A narrow chin and clenched jaw. Prominent cheekbones jutting below cold, hard eyes. His bearing rigid, brow furrowed. His face alone says that he will suffer no fools, let alone think twice before destroying his enemies.
But how did Cushing, who died in 1994, star in 2016’s "Rogue One"? What was this magic?
That magic was Carnegie Mellon University alumnus Kiran Bhat, who earned his Ph.D. in robotics from the School of Computer Science in 2004 and has spent his career using computer vision technologies to make animated characters look more lifelike, first at Lucasfilm's Industrial Light and Magic (ILM) and then through his own startup, Loom.ai.
It's tempting to assume that someone who began his career at ILM came to computer vision and graphics through a love of animation. But that's not the case with Kiran, whose first love was robots.
"Robotics started this whole journey," Kiran says. "What sparked my interest in this field is actually trying to figure out how humans and nature move and interact so gracefully in their environments, whereas any man-made systems — even sophisticated systems in the late 1990s — were clunky."
That desire to give robots more lifelike motion inspired Kiran to apply to CMU's graduate program in robotics after he completed his bachelor's degree in India. Once in Pittsburgh, he began studying locomotion in robotics with longtime faculty member Pradeep Khosla — now chancellor of the University of California San Diego.

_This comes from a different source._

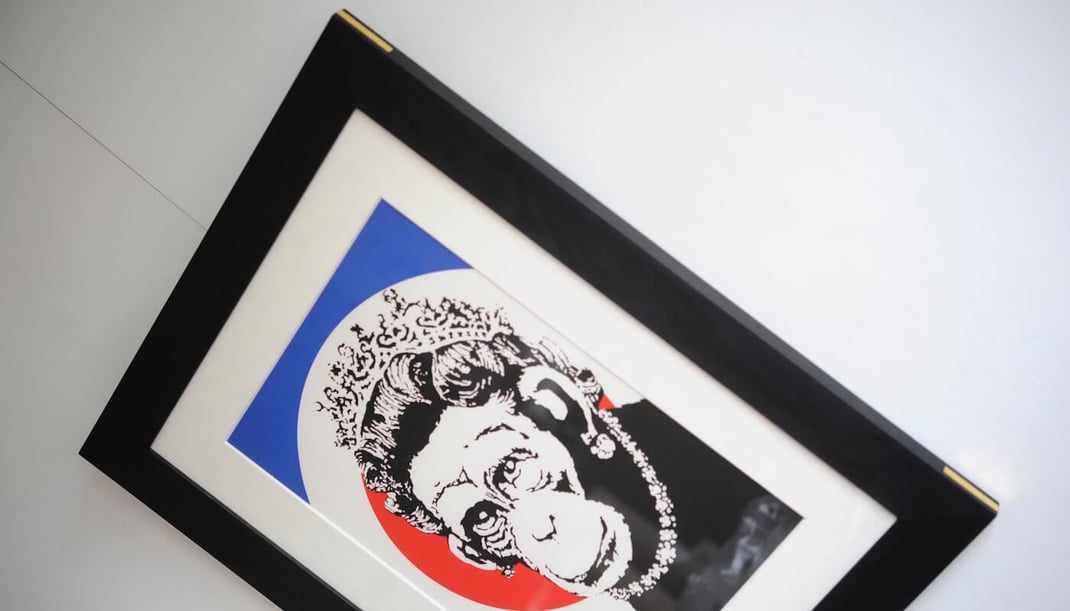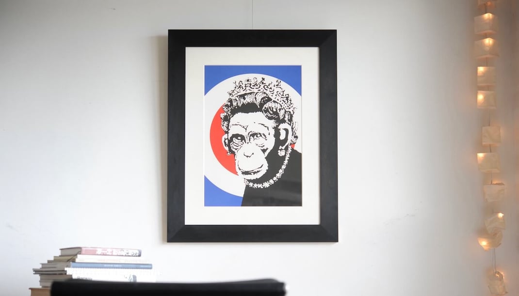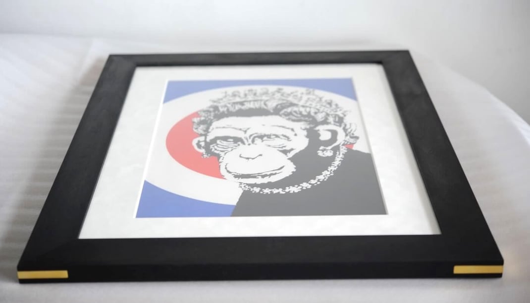 Banksy(バンクシー)のMonkey Queen(エディションナンバー入り、ペストコントロールCOA付き)を、額装は”WANLUT

But Kiran kept coming back to nature, wondering how to observe something in the world, capture the dynamics of its actions, and map those actions to a computer system. Because resources for studying the physical interactions of robots were still limited, Kiran switched to simulations. Computer vision became his passion.
"I realized the right thing to focus on was a controlled, yet rich, simulated environment, and to focus on how to capture an object's parameters and movements by observing the real world," he says.
Kiran gives the example of a juggler.
"If you can point your camera at a juggler, you see the complex dynamics of these objects floating around in the air," he says.
His challenge was automatically determining the parameters of that action through video and creating a realistic simulation.
The path from that research to ILM was simple. ILM had been making movies that relied on puppets (think: Yoda) interacting with humans on screen. But in the early 2000s, they made the decision to go fully digital.
"There was a huge challenge in the industry to figure out how to build systems for rendering and animating characters that felt lifelike, especially when you were putting them beside a human in those shots," Kiran says.
He took an internship at ILM, where he applied a computer vision technique known as structure from motion to solve for the motion and lens parameters from principal camera footage. (A technique, by the way, that CMU pioneered in the 1990s.)
During that internship, he interacted with a broad range of ILM engineers and artists and learned about the key challenges the industry faced in bringing these animations to life. Specifically, he observed the painstaking process of making Yoda's cape look lifelike, especially in scenes where he interacted with the human actor playing Obi-Wan Kenobi. Engineers would set up simulations for the item in question (e.g., the cape), and artists would spend hours fine-tuning their parameters until the animation looked as realistic as possible. They then repeated the arduous process each time the director wanted a change.
Kiran envisioned a world where computer vision made simulations look realistic with less effort and spent his Ph.D. working to make it happen.
After graduation, Kiran returned to ILM full time. Alongside his colleagues, he iterated and fine-tuned a computer vision technology where a camera captured a real-world object and created a digital duplicate that artists could easily edit. Actors — Mark Ruffalo as the Hulk is an excellent example — would wear camera-outfitted helmets that recorded their facial expressions, mannerisms and movement. This recording became a digital photocopy that artists and animators could easily tweak to create whatever emotion or action the director wanted to portray to "make the green guy look like the human," Kiran says of the Hulk.
Which leads back to Peter Cushing.
"It's such a power. The Computer Graphics Lab had an amazing sense of camaraderie. You had people from different classes, schools and divisions working on different projects, but there was a collective understanding of the field and how to push it forward. It was incredible."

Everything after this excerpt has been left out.